Answer
Using Eq. (6), we show that the normal vector is given by
${\bf{N}}\left( t \right) = \frac{{v\left( t \right){\bf{r}}{\rm{''}}\left( t \right) - v'\left( t \right){\bf{r}}'\left( t \right)}}{{||v\left( t \right){\bf{r}}{\rm{''}}\left( t \right) - v'\left( t \right){\bf{r}}'\left( t \right)||}}$
Work Step by Step
Let ${\bf{r}}\left( t \right)$ be the parametrization for the curve. The tangent vector is ${\bf{r}}'\left( t \right)$. So, the unit tangent vector is given by ${\bf{T}}\left( t \right) = \frac{{{\bf{r}}'\left( t \right)}}{{||{\bf{r}}'\left( t \right)||}}$. Since ${\rm{v}}\left( t \right) = ||{\bf{r}}'\left( t \right)||$, so, ${\bf{T}}\left( t \right) = \frac{{{\bf{r}}'\left( t \right)}}{{v\left( t \right)}}$.

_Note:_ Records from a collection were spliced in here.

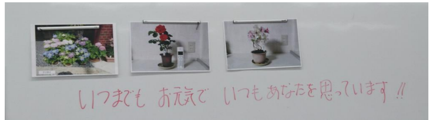
大辻先生のメッセージ ~2年間お世話になりました。~
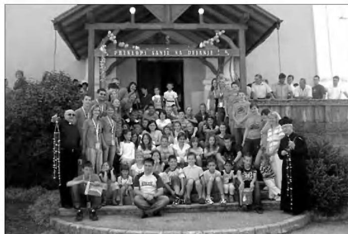
To smo mi ...
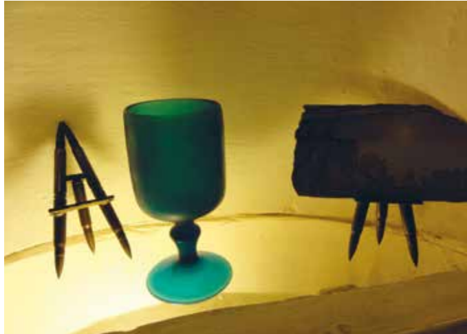
Leren wat je al weet

in society', ook met 'ondernemen in verandering' en ook in het hele concept van een 'razendsnel veranderende wereld vraagt van ons...'. Al die concepten hebben een wenkend perspectief in zich, een horizon, het gras van de buurman dat groener is, ergens heen gaan waar het beter is dan hier en nu. Ook ons denken over leren is onbewust vaak zo gestructureerd. Je gaat iets leren wat je nog niet weet, wat je nog niet kan. Het bezwaar dat ik hiertegen heb is dat er door die roep om het nieuwe en andere makkelijk overheen gekeken kan worden over dat wat professionals (in welk beroep dan ook) eigenlijk doen. De wending die ik voorstel is om meer te doen met 'waar we zijn'. Bewust worden van wat je doet maakt ruimte om het anders te doen. Dat werkt sterker dan voorbijgaan aan wat je nu doet en iets nieuws proberen te doen. Dus ook hier is de werking van de muzen van belang. Bezingen wat er gaande is. Dan komt er (minder kunstmatig? vanzelf?) verandering. Er is een prachtige en bovendien eenvoudige oefening om zicht te krijgen op de waarden van wat je nu doet, om die te bezingen. Marcus Aurelius, de grote en geliefde Romeinse keizer, schreef een boekje dat Overpeinzingen heet. In plaats van al zijn heldendaden te benoemen beschrijft hij eerst wat hij van wie leerde. Van mijn grootvader... van mijn vader... En zo gaat
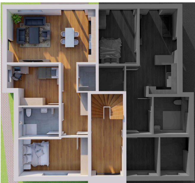
Erdgeschoss Wohnung Nummer 1
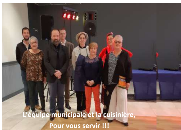
L'équipe municipale et la cuisinière, Pour vous servir !!!
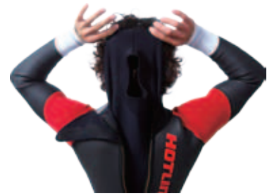
INNER W-NECK (標準)

The derivative of ${\bf{T}}\left( t \right)$ is
${\bf{T}}'\left( t \right) = \frac{{v\left( t \right){\bf{r}}{\rm{''}}\left( t \right) - v'\left( t \right){\bf{r}}'\left( t \right)}}{{v{{\left( t \right)}^2}}}$
We can write
$v\left( t \right){\bf{r}}{\rm{''}}\left( t \right) - v'\left( t \right){\bf{r}}'\left( t \right) = v{\left( t \right)^2}{\bf{T}}'\left( t \right)$
Since $v{\left( t \right)^2}$ is always positive, thus $v\left( t \right){\bf{r}}{\rm{''}}\left( t \right) - v'\left( t \right){\bf{r}}'\left( t \right)$ is a positive multiple of ${\bf{T}}'\left( t \right)$.
By Eq. (6), the normal vector ${\bf{N}}\left( t \right)$ is given by
${\bf{N}}\left( t \right) = \frac{{{\bf{T}}'\left( t \right)}}{{||{\bf{T}}'\left( t \right)||}}$
${\bf{N}}\left( t \right) = \left( {\frac{{v\left( t \right){\bf{r}}{\rm{''}}\left( t \right) - v'\left( t \right){\bf{r}}'\left( t \right)}}{{v{{\left( t \right)}^2}}}} \right)\left( {\frac{{v{{\left( t \right)}^2}}}{{||v\left( t \right){\bf{r}}{\rm{''}}\left( t \right) - v'\left( t \right){\bf{r}}'\left( t \right)||}}} \right)$
Hence, ${\bf{N}}\left( t \right) = \frac{{v\left( t \right){\bf{r}}{\rm{''}}\left( t \right) - v'\left( t \right){\bf{r}}'\left( t \right)}}{{||v\left( t \right){\bf{r}}{\rm{''}}\left( t \right) - v'\left( t \right){\bf{r}}'\left( t \right)||}}$